Efeito estufa atingiu nível esperado só daqui a dez anos


Gases do efeito estufa atingiram níveis perigosos:


O boom da economia global levou a emissão de gases do efeito estufa a um perigoso patamar que só era esperado dentro de uma década e que poderá gerar danos climáticos potencialmente irreversíveis, afirmou um dos maiores cientistas da Austrália.


Tim Flannery, um especialista em questões climáticas reconhecido mundialmente e vencedor do Prêmio Australiano do Ano em 2007, afirmou que o relatório da Organização das Nações Unidas (ONU) sobre as mudanças climáticas a ser divulgado em novembro mostrará que os gases do efeito estufa já atingiram níveis perigosos.


Segundo Flannery, o relatório do Painel Intergovernamental sobre as Mudanças Climáticas (IPCC) mostrará que os gases do efeito estufa presentes na atmosfera na metade de 2005 haviam atingido uma concentração de cerca de 455 partes por milhão de dióxido de carbono equivalente -- um cenário previsto para instalar-se daqui a 10 anos.


"Acreditamos que chegaríamos a esse limiar em cerca de uma década", disse Flannery a canais de TV australianos na noite de segunda-feira.


"Segundo o relatório, a quantidade de gases do efeito estufa na atmosfera já está acima do limite e já há a possibilidade de haver mudanças climáticas perigosas."


Flannery, da Universidade Macquarie, disse ter visto os dados que integrarão o documento do IPCC.

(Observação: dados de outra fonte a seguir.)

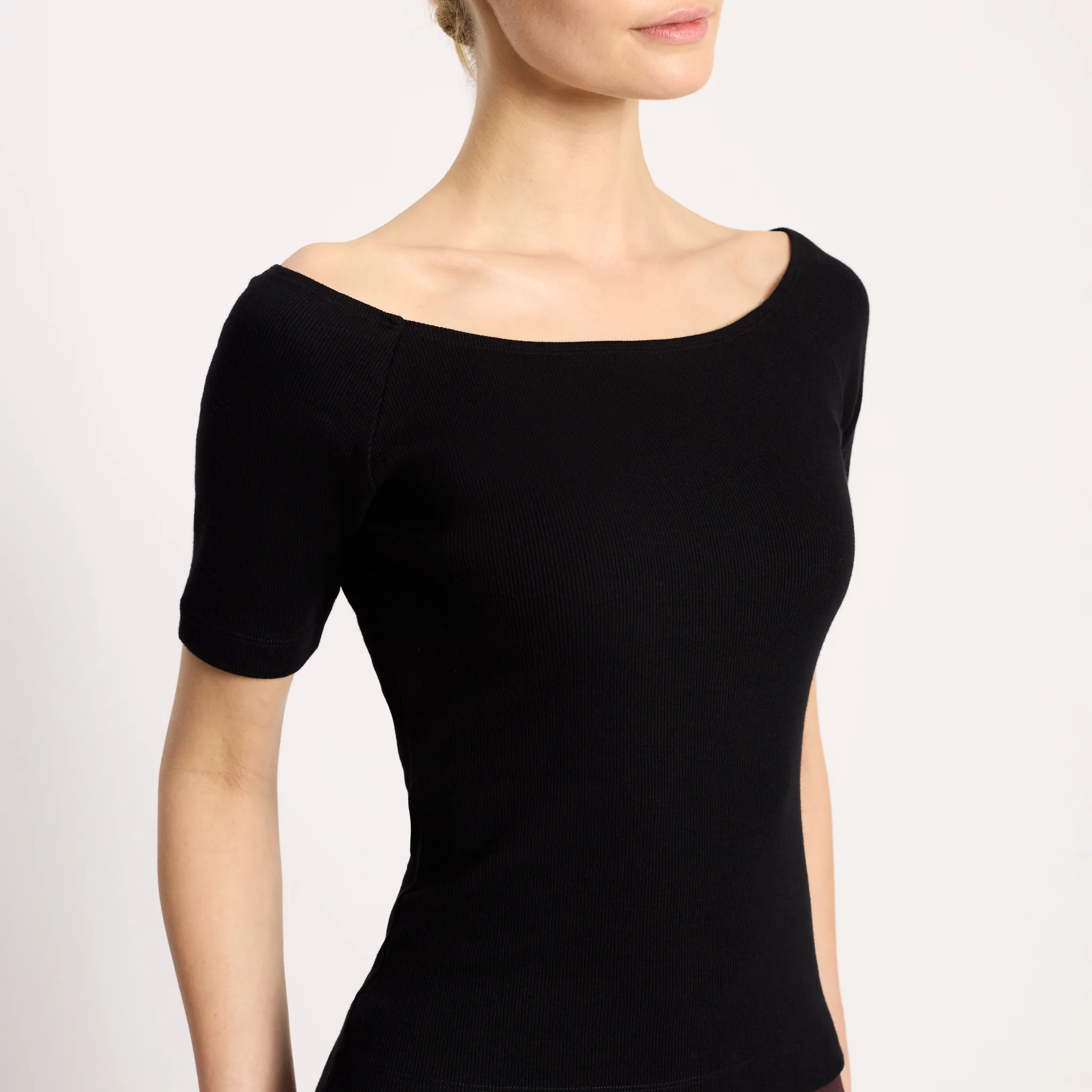 A versatile top designed with a flattering bardot neckline. Crafted in soft and sustainable cotton, this black rib jersey top is sure to become a wardrobe staple. The elegant bardot neckline flatters your form and adds a chic touch to any outfit.

O cientista afirmou que a expansão da economia global, com destaque para a China e a Índia, é um fator de peso por detrás da inesperada aceleração dos níveis de concentração dos gases do efeito estufa.


Representantes de todo o mundo reúnem-se em dezembro, em Bali (Indonésia), a fim de dar início a negociações sobre um acordo capaz de substituir o Protocolo de Kyoto, que fixa limites compulsórios de emissão e que deixa de vigorar em 2012.